Saturday, June 22, 2013

Goop 2: An Evolving Recipe for Pepper Steak

June 16, 2013

Menu
Goop over steamed rice


Recipe


My mom cooked without recipes. Diane's mom cooks without recipes.  Diane cooks without recipes. I cook without recipes, except for the Sunday dinners and desserts that I write about here. Most people who cook every day meals probably do so without recipes. They may start with a recipe, perhaps using it only as a guideline, adjusting it to fit the season, pantry contents, and family tastes. If the recipe is popular it is made regularly, soon the cook needs no written directions at all, and the recipe evolves. It improves as failed variations are discarded in favor of those that work. My mom was a very good cook and my dad would say the spaghetti sauce, for example, was never the same twice. Before she died, my sisters went to great efforts to record ingredients and instructions so her recipes would not be completely lost when we lost her.

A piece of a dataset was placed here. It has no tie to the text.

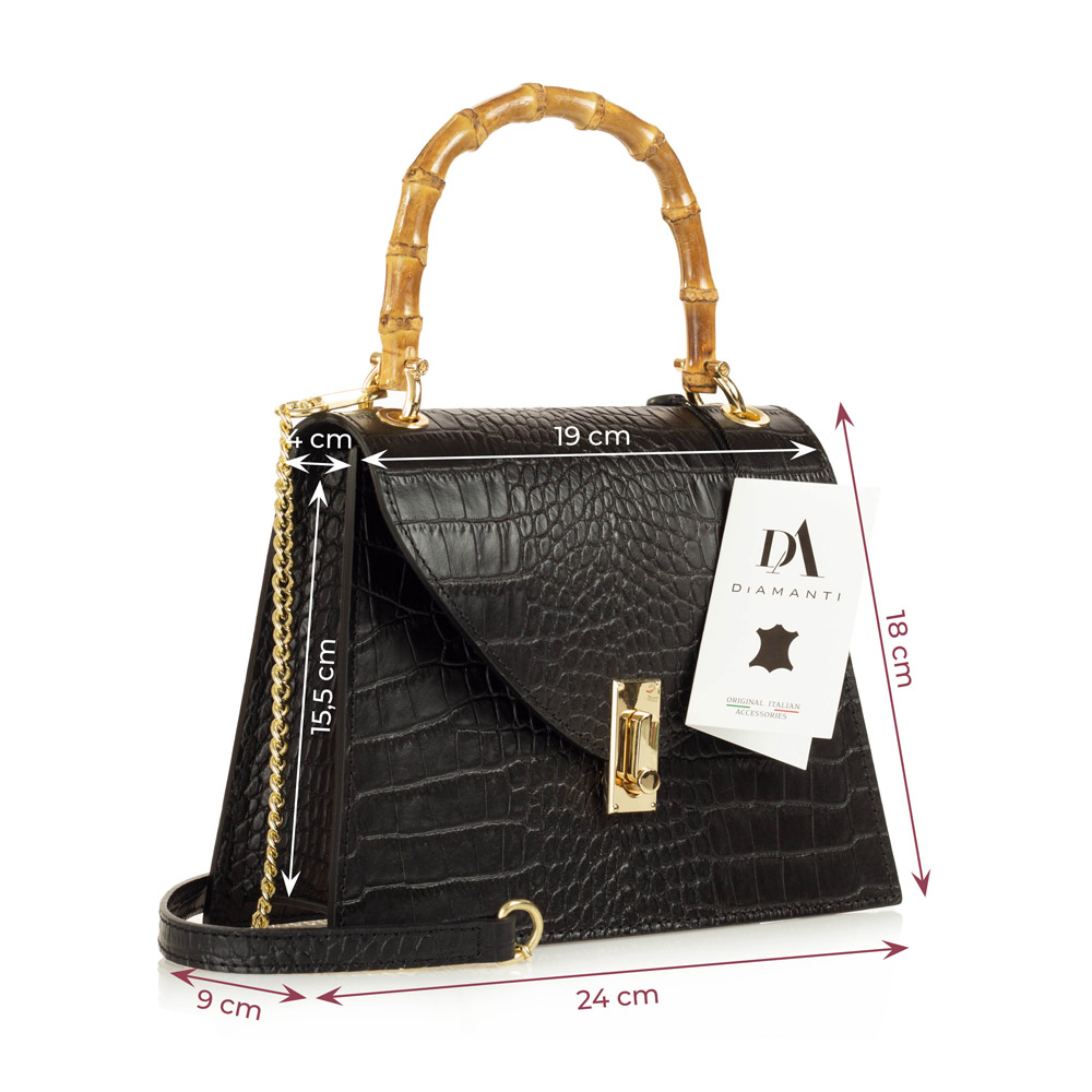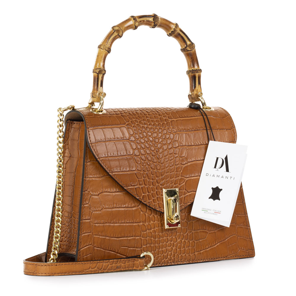 Geanta DiAmanti Michele este o geanta realizata din piele naturala cu aspect de piele de crocodil. Un plus de personalitate este dat de manerul din lemn de bambus.

This is the story of a recipe and my first attempt to duplicate it and record instructions so others can enjoy it. The dish is called goop. It comes from Diane who got it from her mother, Delphine. Delphine says the recipe goes back about 50 years, when they were living in Los Angeles. A friend, Glenn Hess, was the Sunday School teacher for young married couples. She liked something that she was served at a restaurant, she analyzed it, and came up with what she called "goop". Delphine thinks of it as a pepper steak.


Diane has a recipe card–old, beaten up, stained, hard to read–which served as my starting point. That plus Diane's knowledge and experience with the recipe. Like many home recipes, it lacks precision and detail. This is "Goop 1". 
Laminated steak
   brown beef seasoned with garlic salt (powder + salt)
1 can mushroom pieces (save juice)
Add 4 onions
  1 green pepper
  4 stalks celery
  ½ teaspoon chili powder
  ¼ teaspoon allspice
  2 tablespoons sugar
  Worcestershire sauce
  Tabasco sauce
  1# can tomatoes
  Mushroom juice
  Salt
  Pepper
Serve over rice
My favorite part of this dish is the sauce. It soaks into the rice and gives it a delightful, savory flavor. It's has a hint of heat but it's the allspice that provides its unique character. The tomatoes, pepper, and onions are cooked down so they are sweet and tender. One of Diane's favorite modifications is to use frozen bell peppers; they come in assorted colors which adds to the visual appeal of the dish, as well as being convenient to keep on hand.

We don't know what "laminated steak" is. I found a reference to a product by this name produced by  a since defunct Southern California company, but Delphine thinks it just means the meat is sliced very thin.


Working with Diane, I came up with the recipe ("Goop 2") which I have recorded so you can try it, too. To be frank, it is not as good as what Diane has made for me many times. The meat was not cut correctly and the sauce did not have the distinctive flavor that I am so fond of. It was far from being a total failure, though, and a good start to developing a good goop recipe. The balance of steak and vegetables was correct even though the original recipe doesn't say how much meat to use.

I will make it again, maybe sooner rather than later, while the memories are fresh. Here are some of the changes that we'll consider for Goop 3:
  • Cut the meat into smaller pieces. They should be thin strips instead of squares. This piece of beef should have been cut parallel to the counter so the two halves are ¼–½-inch thick, and then sliced across the grain into ¼-inch slices that are long and skinny. We should try very thin slices, too.
  • The amount of heat was good but the flavor of the hot sauce overwhelmed the allspice. Decrease the hot sauce to ⅛ teaspoon, or eliminate it entirely, and increase the allspice to 1 teaspoon (though that seems like a lot).
  • Brown the meat in two batches, the pan was too crowded and the meat stewed rather than browned.
  • Use fresh garlic in place of the garlic salt.
I hope that it won't take too many iterations before I have a recipe that you can use to duplicate what Diane serves to me. (If you try it now or have suggestions, I would love to hear from you! You can use the comments form at the bottom of this post.)  If you find you like it enough to prepare it often, its continuing evolution will then be up to you. It will continue to change and evolve and adapt to the tastes of your family. And it will be good.